## [Records provided]
+++

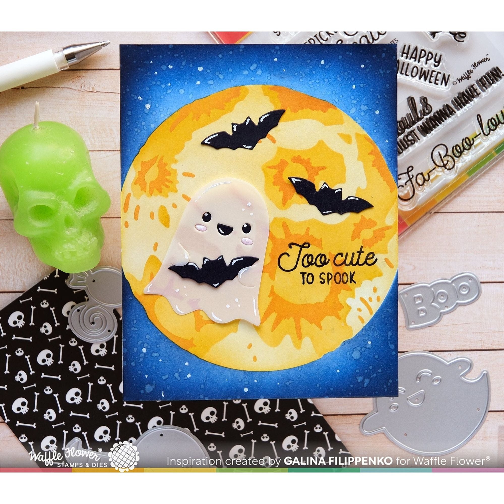 The Waffle Flower Full Moon Stencils set is designed to cover an entire A2 card front, providing all the layers needed to create a realistic yet whimsical full moon. The stencils can be used both horizontally and vertically for versatile designs. This set includes 4 stencils, each measuring 5.25 x 6.5 inches.
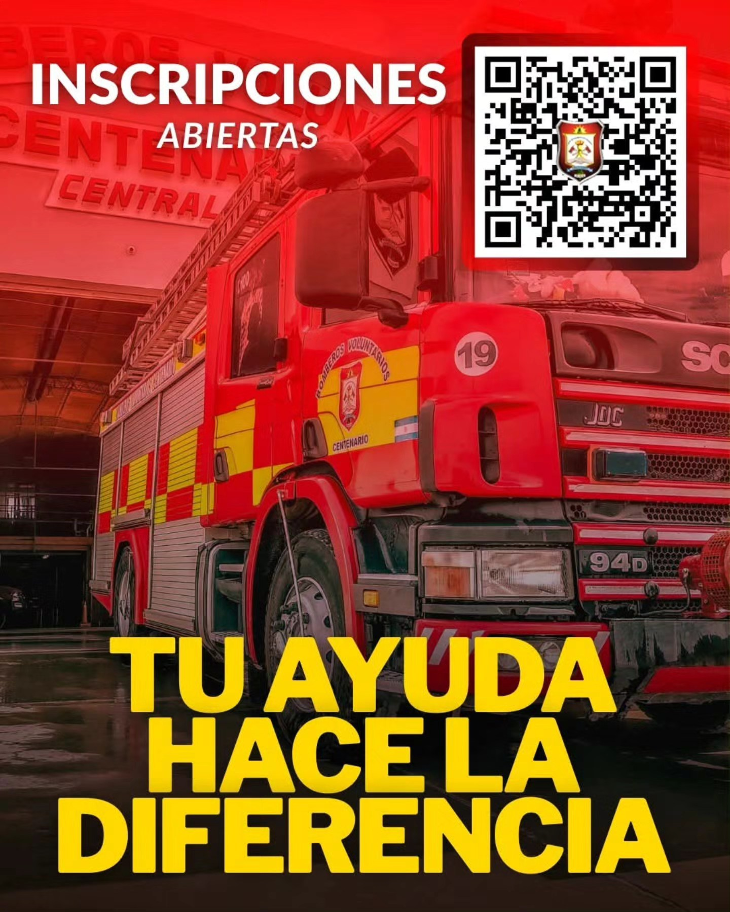 La Asociación Bomberos Voluntarios Centenario informó que se encuentran abiertas las inscripciones para aspirantes a integrar a futuro el cuerpo activo. Las mismas se pueden realizar mediante código QR y se extenderán hasta el próximo 25 de noviembre. La invitación a la comunidad a sumarse se centra en personas comprometidas, solidarias y con vocación de servicio, mayores de 18 años y hasta 45 por el seguro obligatorio, en buen estado de salud, es excluyente ser de Centenario y tener el secundario cursado o en trámite, disponibilidad para capacitación y guardias.
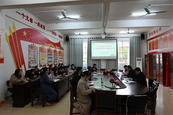 2023年2月17日下午,在图书馆一楼党员活动室,beat365召开2022年度党员领导干部民主生活会。学校党委领导班子全体成员出席,纪委委员、各党(总)支部书记及副书记列席会议。百色市委教育工委办公室李飞勇老师、黄思老师到会指导。会议由学校党委书记蒙本曼主持。
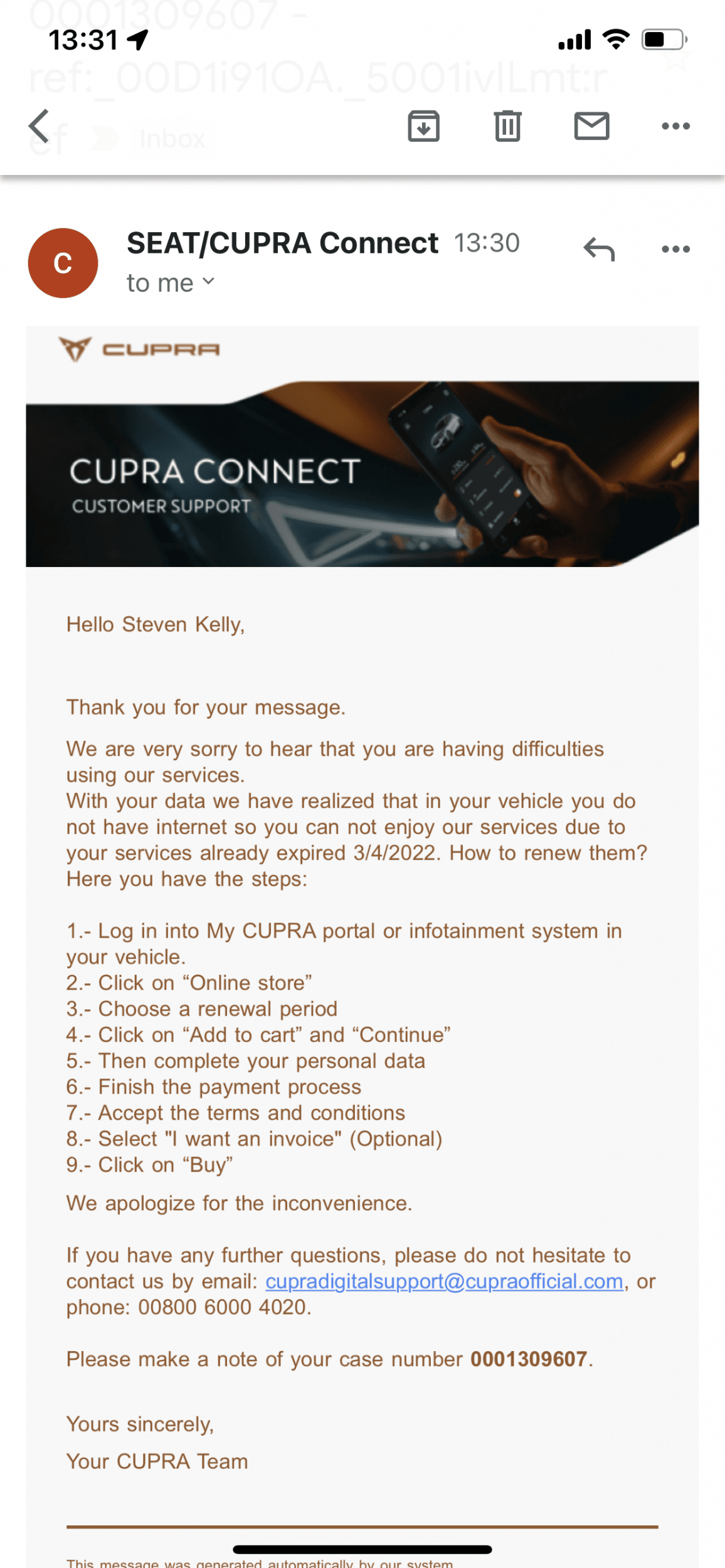 Reply from cupra, although it’s working and I’ve not renewed since the app etc since tge 3/4/22
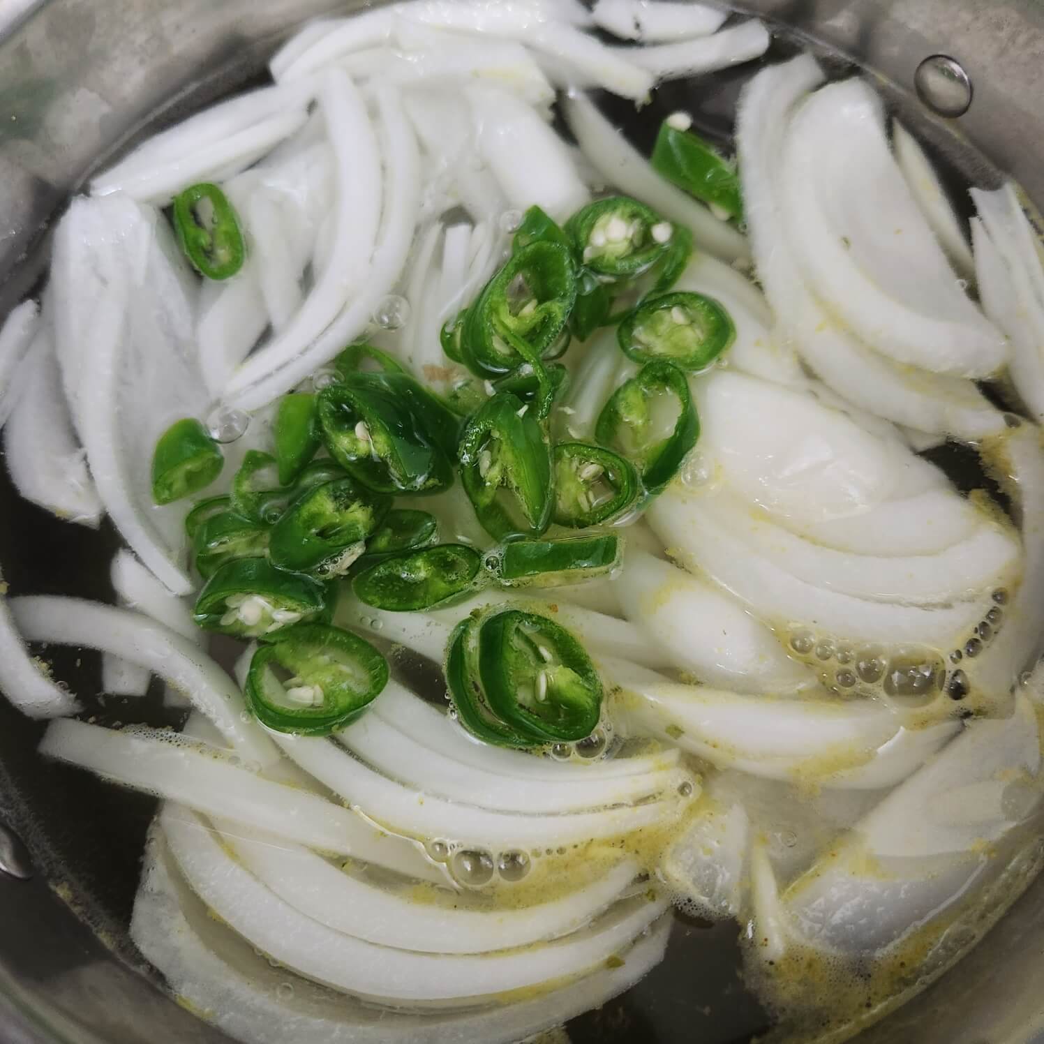 - 치킨스톡, 양파 1개, 계란 3개, 소금, 후추, 홍게액젓, 청양고추 1개, 다진 마늘, 물 1L
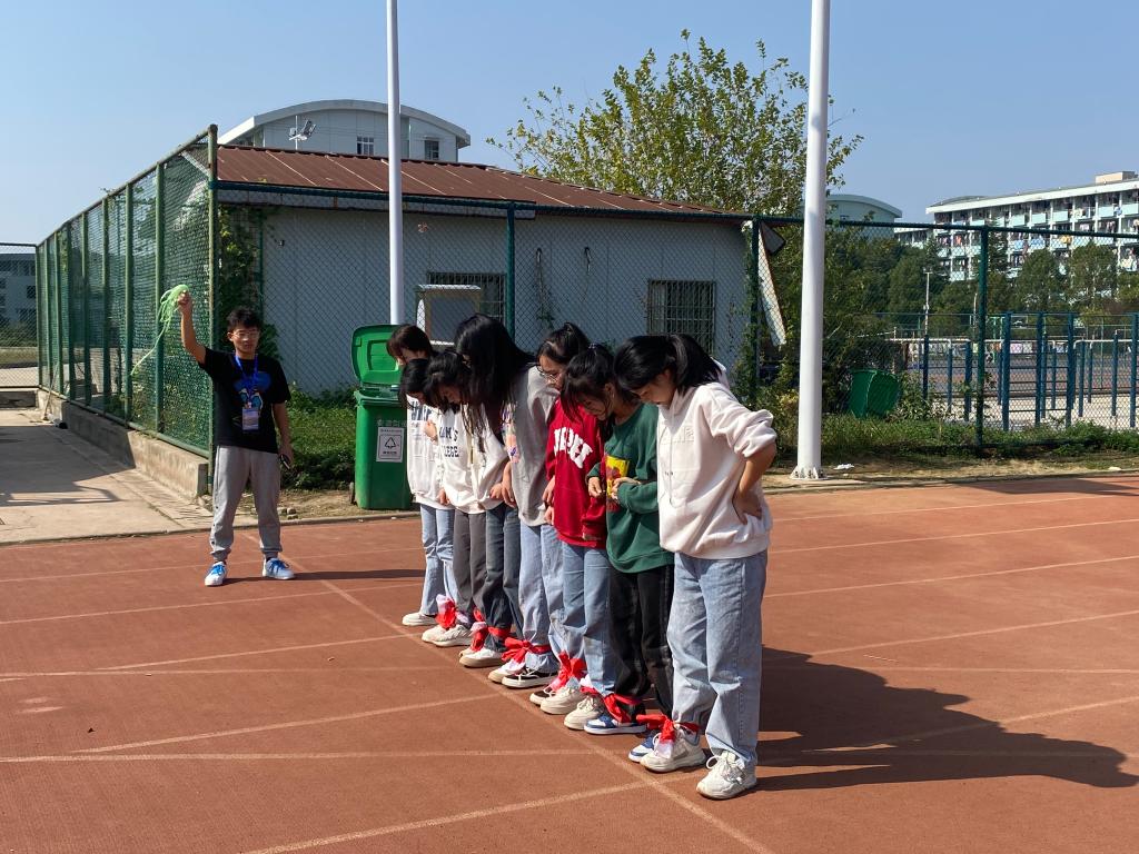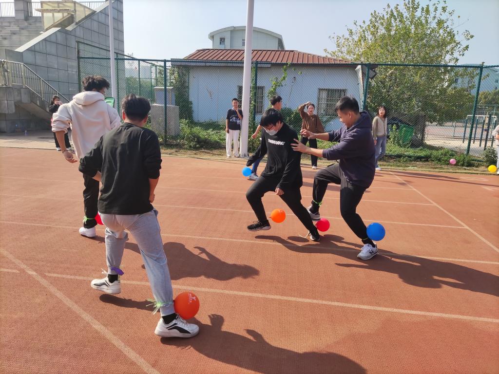 部门干事担任本次活动裁判,并全程监督。首项开展“七人八足”的游戏,在规定距离内计时比拼。刚系上绳,团学干部们便跃跃欲试,积极进行场外训练。活动第二项“气球砰砰砰”,每名成员双脚分别系上气球,分组进行比赛,在规定时间内踩破对方气球且本组所剩气球数量多的队伍获胜。随着哨声响起,参赛选手们精神高度集中,整个赛场硝烟弥漫。活动第三项“天旋地转”,起点转圈后,将装满水的杯子举至头顶,冲向终点后倒入量杯,一分钟计时,量杯内所装水量最多的队伍获胜。每名成员都拼尽全力,奋起直追,力争上游。

+++

## [Assigned task]
Output every line of the records above unchanged, and keep the pictures out.

## [Exercise output]
 The Waffle Flower Full Moon Stencils set is designed to cover an entire A2 card front, providing all the layers needed to create a realistic yet whimsical full moon. The stencils can be used both horizontally and vertically for versatile designs. This set includes 4 stencils, each measuring 5.25 x 6.5 inches.
 La Asociación Bomberos Voluntarios Centenario informó que se encuentran abiertas las inscripciones para aspirantes a integrar a futuro el cuerpo activo. Las mismas se pueden realizar mediante código QR y se extenderán hasta el próximo 25 de noviembre. La invitación a la comunidad a sumarse se centra en personas comprometidas, solidarias y con vocación de servicio, mayores de 18 años y hasta 45 por el seguro obligatorio, en buen estado de salud, es excluyente ser de Centenario y tener el secundario cursado o en trámite, disponibilidad para capacitación y guardias.
 2023年2月17日下午,在图书馆一楼党员活动室,beat365召开2022年度党员领导干部民主生活会。学校党委领导班子全体成员出席,纪委委员、各党(总)支部书记及副书记列席会议。百色市委教育工委办公室李飞勇老师、黄思老师到会指导。会议由学校党委书记蒙本曼主持。
 Reply from cupra, although it’s working and I’ve not renewed since the app etc since tge 3/4/22
 - 치킨스톡, 양파 1개, 계란 3개, 소금, 후추, 홍게액젓, 청양고추 1개, 다진 마늘, 물 1L
 部门干事担任本次活动裁判,并全程监督。首项开展“七人八足”的游戏,在规定距离内计时比拼。刚系上绳,团学干部们便跃跃欲试,积极进行场外训练。活动第二项“气球砰砰砰”,每名成员双脚分别系上气球,分组进行比赛,在规定时间内踩破对方气球且本组所剩气球数量多的队伍获胜。随着哨声响起,参赛选手们精神高度集中,整个赛场硝烟弥漫。活动第三项“天旋地转”,起点转圈后,将装满水的杯子举至头顶,冲向终点后倒入量杯,一分钟计时,量杯内所装水量最多的队伍获胜。每名成员都拼尽全力,奋起直追,力争上游。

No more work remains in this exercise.